Canada in the Great Power Game 1914-2014 (46 page)

BOOK: Canada in the Great Power Game 1914-2014
10.95Mb size Format: txt, pdf, ePub

There was no discussion whatsoever, as I recall, about changing the role of the overseas forces to atomic carriers, because that wasn’t in Canada, it wasn’t at home here. It didn’t pollute Canada with this nasty business—although it put us right in the middle of the bombing business.

Air Chief Marshal Frank Miller, chairman, Chiefs of Staff Committee, 1960–64

General Foulkes was an excellent man, but.… It must have been in 1957. I was on the Directing Staff of the RCAF Staff College here in Toronto and he came and gave a lecture and he said: “We are going along because we want to be in the Big League.” The Big League! That’s why we got the nuclear weapons.

John Gellner

By mid-1959 there were no fewer than nine different proposals for placing nuclear weapons on Canadian soil or in the hands of the Canadian forces, and half of them had been approved (in principle, at least) by the Canadian government. Everything was proceeding smoothly—and then the tide began to turn.

Should Canadian forces be armed with nuclear weapons?
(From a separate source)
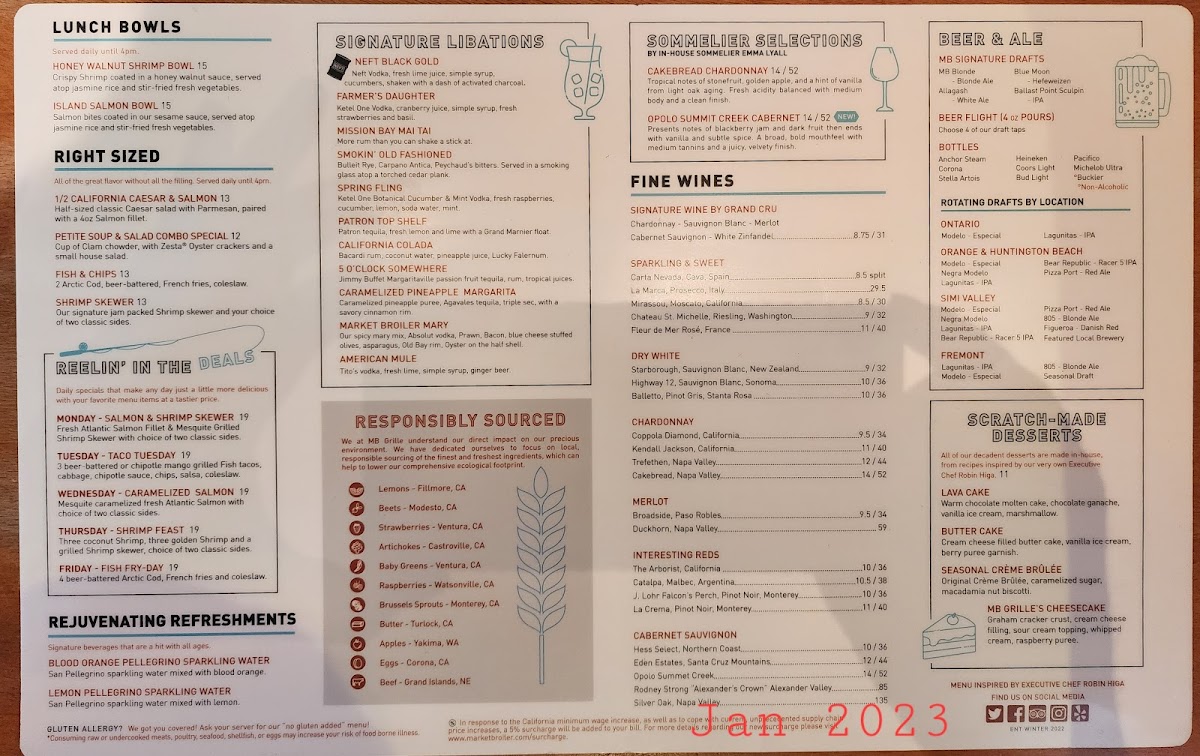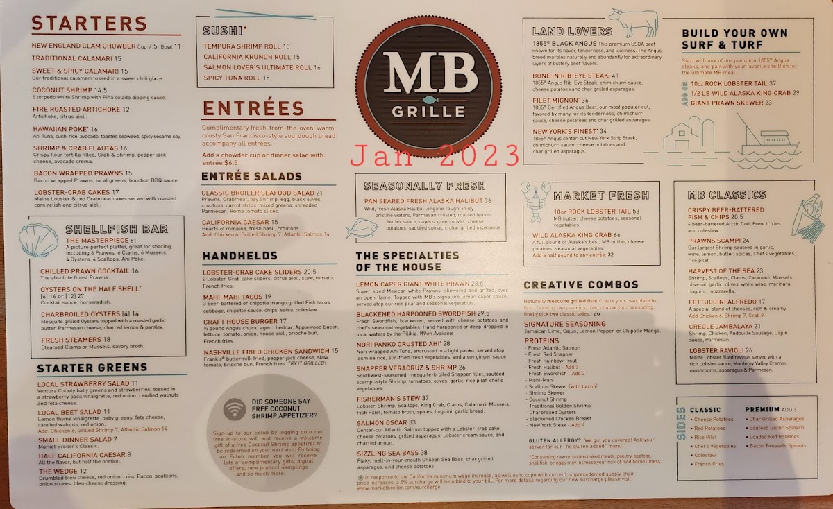 The menu at Market Broiler Fremont focuses primarily on seafood offerings complemented by select land-based options. It is composed of several well-defined sections catering to a variety of tastes and dining preferences.

Our own answer is a flat unqualified no.… Nothing can justify nuclear war.… The first step towards preventing it is to stop planning to wage it.

Maclean’s
, September 10, 1960

Canada … can play a noteworthy role in the efforts for peace and disarmament, but this role would be reduced practically to zero if we were a nuclear satellite of Washington.

Le Devoir
, September 23, 1961

In June 1959, the same month Canada made the Starfighter deal, Norman Robertson, just back from two years in Washington as ambassador and now once again undersecretary of state for external affairs, sent Prime Minister Diefenbaker a clipping from the previous month’s copy of the British magazine the
Spectator
. The author of the article, Christopher Hollis, argued that the thermonuclear weapons had changed the nature of war: destruction would now be so great that even if the West emerged from a nuclear war as the nominal victor “there is no chance that the pattern of our own national life … would still survive when we emerge from it.”
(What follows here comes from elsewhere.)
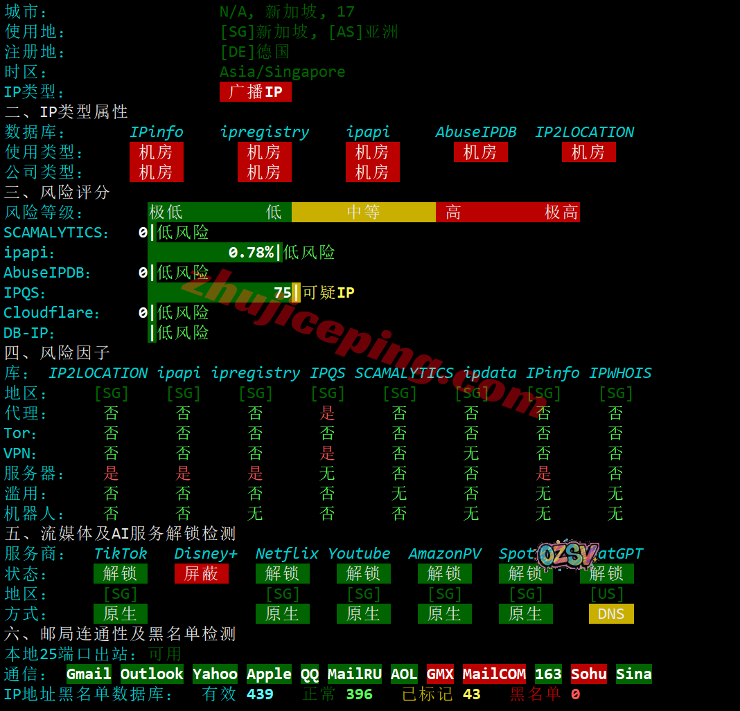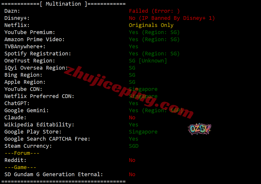 ⭐更新⭐ 本文是搬瓦工新加坡CN2 GIA高端大带宽VPS的测评数据更新,主旨为大家带来搬瓦工新加坡VPS的最新数据让大家能比较全面了解大致的情况,核心关注点包括“延迟、去程和回程、早晚高峰的带宽上下行能跑多少、IP解锁流媒体、VPS性能测试跑分数据”等。 2024年6月的时候主机测评给大家测试过(戳这里:搬瓦工新加坡VPS怎么样?1Gbps直连大带宽,强制三网高端CTG/CN2网络 ),大家可以对比本次的测试看看,看看有什么变化或者不同。

Hollis’s article went on to argue for nuclear disarmament and a buildup of
NATO

S
conventional forces: in effect, a reversal of the Western decision to rely on cheap nuclear firepower rather than expensive soldiers that had been taken at a time when the West had a near-monopoly of nuclear weapons. There was, after all, no objective reason why the West could not rely on its superior numbers, wealth and technology to deter the Soviet Union with non-nuclear weapons, if it were willing to pay the cost. However, Hollis didn’t only want the West to stop threatening to use nuclear weapons against a Soviet conventional attack. He advocated unilateral Western nuclear disarmament—no matter what the Soviets did. And attached to Hollis’s article was a memo to Prime Minister Diefenbaker from the undersecretary: “Mr Robertson wishes you to know that his views coincide with those of the author of the article.”

Norman Robertson had hitherto held quite orthodox views on the question of nuclear weapons for Canada, but recently they had begun to change. In March 1959, having just been briefed by some External Affairs officers who had visited SAC and
NORAD
headquarters, he remarked that “the whole philosophy of [nuclear] deterrence had been developed at a time when conditions were vastly different from those existing today.… Our minds should be turned instead to the tremendous political effort that needed to be undertaken to avoid the awesome consequences of nuclear warfare.”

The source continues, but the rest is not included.